Ummm. The first problem was that those items aren't valid RDF at all. Those type attributes really mess things up. So, I needed to map this to some valid RDF.

Also the QuotationsBook export uses a google namespace for the quotes - and I'm pretty sure that namespace isn't designed for expressing quotations data. So I took the liberty of mapping the QuotationsBook data to a new quotation schema containing the single class of "Quotation" and a property called "quote". I wanted to include information about the CC attribution licence so I included a dc:rights element. Because Platform stores can do that yet but it is planned. I used dc:creator to denote the name of the person who uttered the quotation but I could have included some FOAF to properly link the quotation to a page about that person. I also used foaf:isPrimaryTopicOf for the link back to the page on QuotationsBook.com. Finally I used dc:subject to denote the classification of the quotation. It's worth comparing this with Tom Morris' version at the Quotations Book site which uses dc:subject and dc:creator but with resources as values rather than literals. My preference is to use literals with those properties.

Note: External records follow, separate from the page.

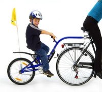 A tag-along bike is a good option for children between approx. 100 cm and 125 cm, as they can pedal themselves and at their own pace but don’t have to worry about other traffic.
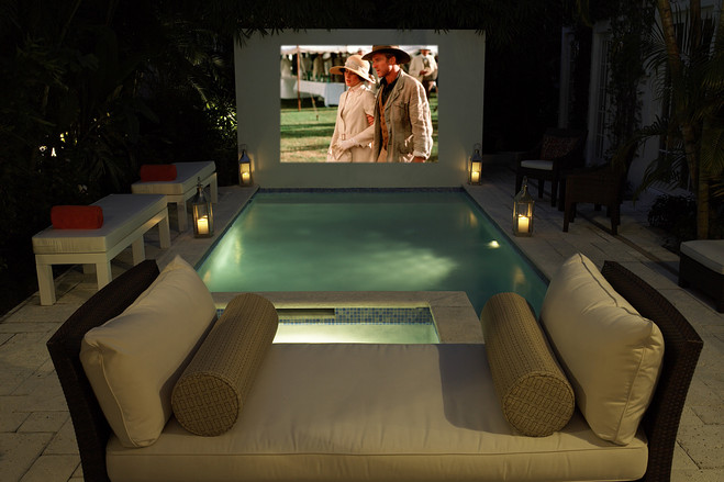 室内设计师坎皮恩·普拉特(Campion Platt)的房子位于佛罗里达州棕榈滩(Palm Beach),建于1926年,这座平房的屋后露台有一块室外电影屏幕。室内放映机将电影投射到沿游泳池后方搭建的屏幕/墙壁上,他说,他常在夜间或开派对时用这个屏幕看电影。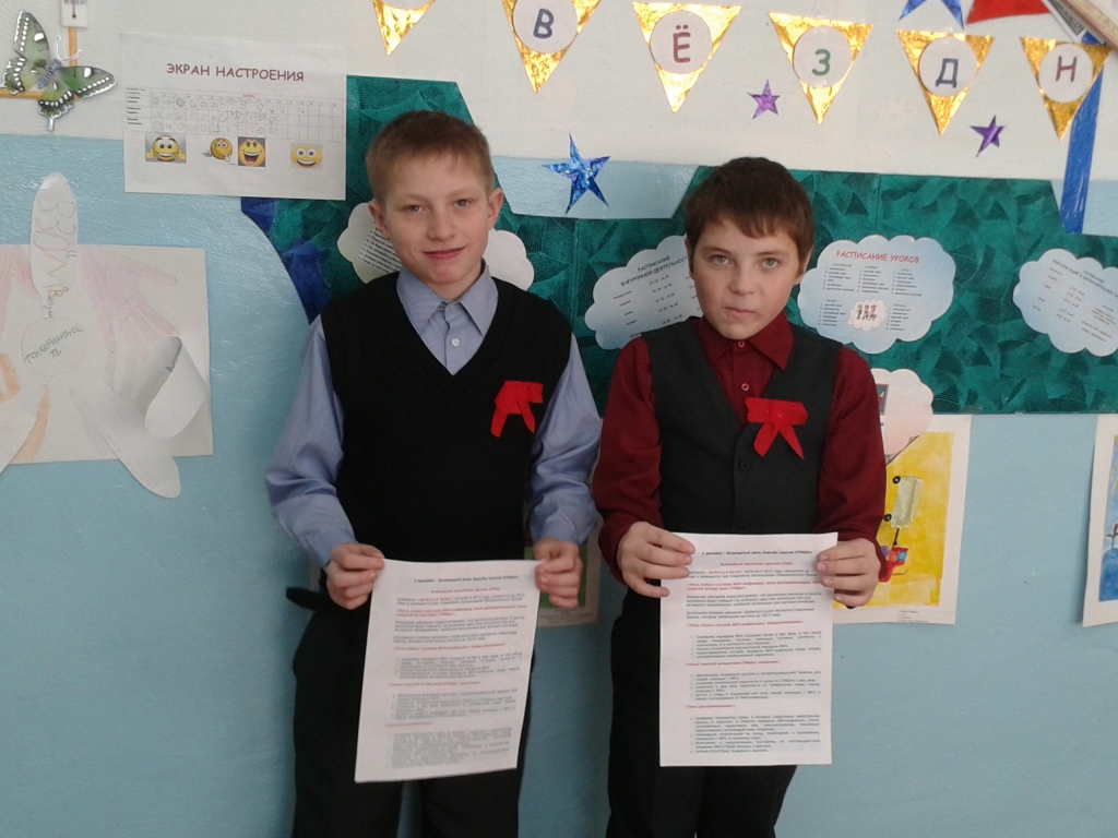 1 декабря во всем мире отмечается День борьбы со СПИДом. И в нашей школе в этот день прошло мероприятие под лозунгом «Достижение нулевой отметки: ноль новых ВИЧ-инфекций. Ноль дискриминаций. Ноль смертей в следствии СПИДа» с целью привлечения внимания школьников к проблеме СПИДа.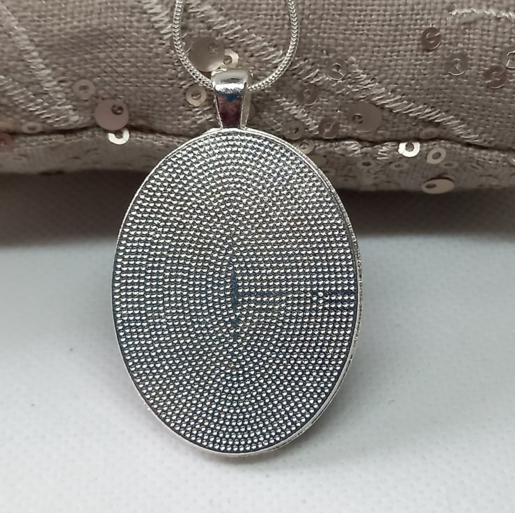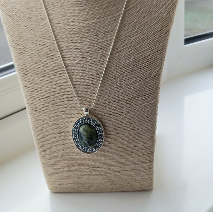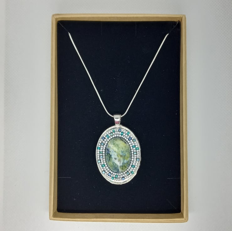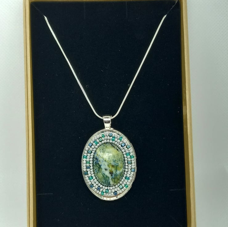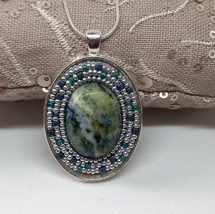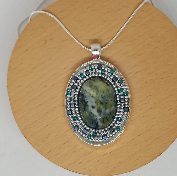A beautiful kiwi jasper oval cabochon in multiple shades of green is the star of this pendant. It is surrounded by galvanised silver seed beads, miyuki cube beads and emerald seed beads which are all bead embroidered onto a bead backing. The whole piece is set within a bezel tray for extra durability and suspended from a 20" silver plated snake chain with a lobster clasp.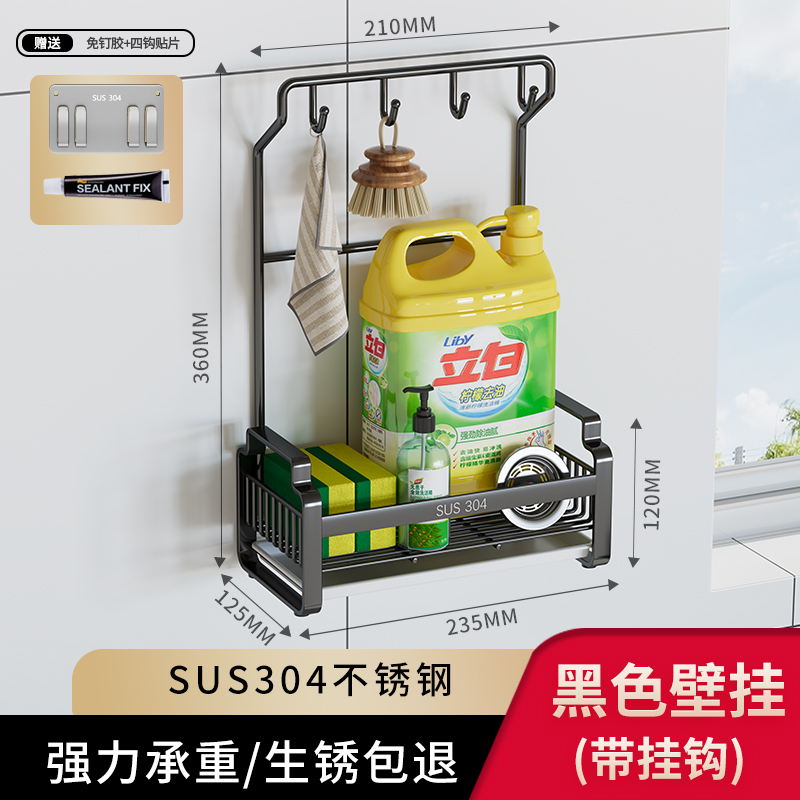 • [고리 4개] 카본 블랙 [벽걸이/조리대 겸용] + 탈착식 플라스틱 물받이 [다기능형]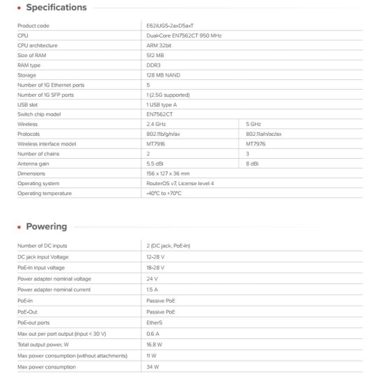 hAP ax S – nejvýhodnějším přístupový bod Mikrotiku s Wi-Fi 6. Levnější než většina sériově vyráběných wifirouterů střední třídy a přitom nabízí mnohem větší flexibilitu.  Pod elegantním vnějším pláštěm se skrývá dvoujádrový procesor ARM, dvoupásmové Wi-Fi 6, USB, pět gigabitových ethernetových portů a 2,5 gigabitová SFP šachta. Můžete se připojit přímo k optickému kabelu nebo propojit vysokorychlostní NAS pro bleskurychlý místní přístup.  Triple-chain 5GHz: klíč ke stabilnímu Wi-Fi v gigabitové třídě Nový hAP ax S je vybaven triple-chain 5GHz rádiem, které dosahuje reálné propustnosti kolem 800–900 Mbit/s. To znamená plynulé streamování, rychlejší stahování a stabilní výkon na více zařízeních.  Je také ideální jako specializovaný přístupový bod Wi-Fi 6 VR pro streamování pro PC VR headsety, který nabízí vyšší rozlišení a nižší latenci bez kabelů. Na rozdíl od jednoúčelových „herních“ přístupových bodů vám hAP ax S nabízí plný výkon, flexibilitu a funkční budoucnost v stále zdokonalovaném RouterOS v7.  Flexibilní napájení AP skýtá dvě možnosti napájení – přes DC konektor nebo PoE-in – dále integrován pasivní port PoE-out. PoE-out port využijete pro napájení dalšího zařízení MikroTik, jako je například další AP nebo kompaktní stolní switch.  Vaše síť, Vaše pravidla Navzdory nízké ceně běží hAP ax S na plné verzi RouterOS v7, nejflexibilnějším síťovém softwaru na trhu. V době rostoucích výzev v oblasti zabezpečení dat a ochrany soukromí vám RouterOS poskytuje úplnou kontrolu – bez předplatného, bez upsellů, bez uzamčených funkcí. Ať už konfigurujete svou první Wi-Fi síť prostřednictvím aplikace MikroTik nebo budujete složité topologie, RouterOS v7 roste s vámi.  VLAN, firewally, VPN tunely, tvarování provozu, skriptování, automatizace SMS – možnosti jsou neomezené. Například: můžete snadno izolovat zařízení IoT do samostatných podsítí, abyste ochránili svou domácí síť před nechtěným přístupem přes smart spotřebiče.  Dodáváno s napájecím adaptérem 24V 1.5A v produktovém balení.  Technické specifikace: Product code: E62iUGS-2axD5axT CPU: Dual-Core EN7562CT 950 MHz CPU architecture: ARM 32bit Size of RAM: 512 MB RAM type: DDR3 Storage: 128 MB NAND Number of 1G Ethernet ports: 5 Number of 1G SFP ports: 1 (2.5G supported) USB slot: 1 USB type A Switch chip model: EN7562CT Wireless: 2.4 GHz, 5 GHz Protocols: 802.11b/g/n/ax, 802.11a/n/ac/ax Wireless interface model: MT7916 MT7976 Number of chains: 2,4GHz - 2, 5GHz - 3 Antenna gain: 2,4GHz - 5.5dBi, 5GHz - 8dBi Dimensions: 156 x 127 x 36 mm Operating system: RouterOS v7, License level 4 Operating temperature: -40°C to +70°C  Napájení Number of DC inputs: 2 (DC jack, PoE-In) DC jack input Voltage: 12-28 V PoE-In input voltage: 18-28 V Power adapter nominal voltage: 24 V Power adapter nominal current: 1.5 A PoE-In: Passive PoE PoE-Out: Passive PoE PoE-out ports: Ether5 Max out per port output (input < 30 V): 0.6 A Total output power: 16.8 W Max power consumption (without attachments): 11 W Max power consumption: 34 W  Upozornění: Výrobce Mikrotik neposkytuje záruku na zařízení poškozená přepětím. Zařízení je třeba adekvátně chránit proti indukovanému elektrostatickému přepětí či přepěťovým špičkám na silovém vedení. Pro venkovní instalace používat výhradně stíněnou kabeláž (FTP/SFTP) a jednotky korektně uzemnit (prostřednictvím integrovaného zemnícího členu či použitím ethernetové přepěťové ochrany).  Zařízení vždy provozujte s poslední výrobcem publikovanou verzí (výrobcem označenou "Stable") operačního systému RouterOS. Taková verze garantuje nejoptimálnější funčknost, obsahuje opravené chyby z verzí předchozích a výkonová vylepšení..

I wanted my quotes to look like this:

<rdf:RDF 
  xmlns:rdf="http://www.w3.org/1999/02/22-rdf-syntax-ns#"
  xmlns:dc="http://purl.org/dc/elements/1.1/"
  xmlns:foaf="http://xmlns.com/foaf/0.1/"
  xmlns:q="http://purl.org/vocab/quotation/schema#"
>
  <q:Quotation>
    <q:quote>If you haven't struck oil in the first three minutes - stop boring!</c:quote>
    <dc:rights>Published by QuotationsBook.com Limited under a creative commons attribution licence.</dc:rights>
    <foaf:isPrimaryTopicOf rdf:resource="http://quotationsbook.com/quote/43114" />
    <dc:creator>Jessel, George</dc:creator>
    <dc:subject>Perseverance</dc:subject>
  </q:Quotation>
</rdf:RDF>

[edit] Configuring the Store

Knowing this, I created a field/predicate map so my store would know how to index my RDF. I mapped three properties to three field names:

That means I'll be able to search the data using short names like subject:love. Here's what it looked like:

<rdf:RDF
    xmlns:frm="http://schemas.talis.com/2006/frame/schema#"
    xmlns:rdf="http://www.w3.org/1999/02/22-rdf-syntax-ns#"
    xmlns:rdfs="http://www.w3.org/2000/01/rdf-schema#"
    xmlns:bf="http://schemas.talis.com/2006/bigfoot/configuration#" > 
 
  <bf:FieldPredicateMap rdf:about="http://api.talis.com/stores/iand-dev2/indexes/default/fpmaps/default">
    <rdfs:label>Quotations book field/predicate map</rdfs:label>
    <frm:mappedDatatypeProperty>
      <rdf:Description rdf:about="http://api.talis.com/stores/iand-dev2/indexes/default/fpmaps/default#quote">
        <frm:property rdf:resource="http://purl.org/vocab/quotation/schema#quote"/>
        <frm:name>quote</frm:name>
      </rdf:Description>
    </frm:mappedDatatypeProperty>
 
    <frm:mappedDatatypeProperty>
      <rdf:Description rdf:about="http://api.talis.com/stores/iand-dev2/indexes/default/fpmaps/default#author">
        <frm:property rdf:resource="http://purl.org/dc/elements/1.1/creator"/>
        <frm:name>creator</frm:name>
      </rdf:Description>
    </frm:mappedDatatypeProperty>
 
    <frm:mappedDatatypeProperty>
      <rdf:Description rdf:about="http://api.talis.com/stores/iand-dev2/indexes/default/fpmaps/default#subject">
        <frm:property rdf:resource="http://purl.org/dc/elements/1.1/subject"/>
        <frm:name>subject</frm:name>
      </rdf:Description>
    </frm:mappedDatatypeProperty>
  </bf:FieldPredicateMap>
</rdf:RDF>

I used cURL from the command line to PUT this to the right place in my store.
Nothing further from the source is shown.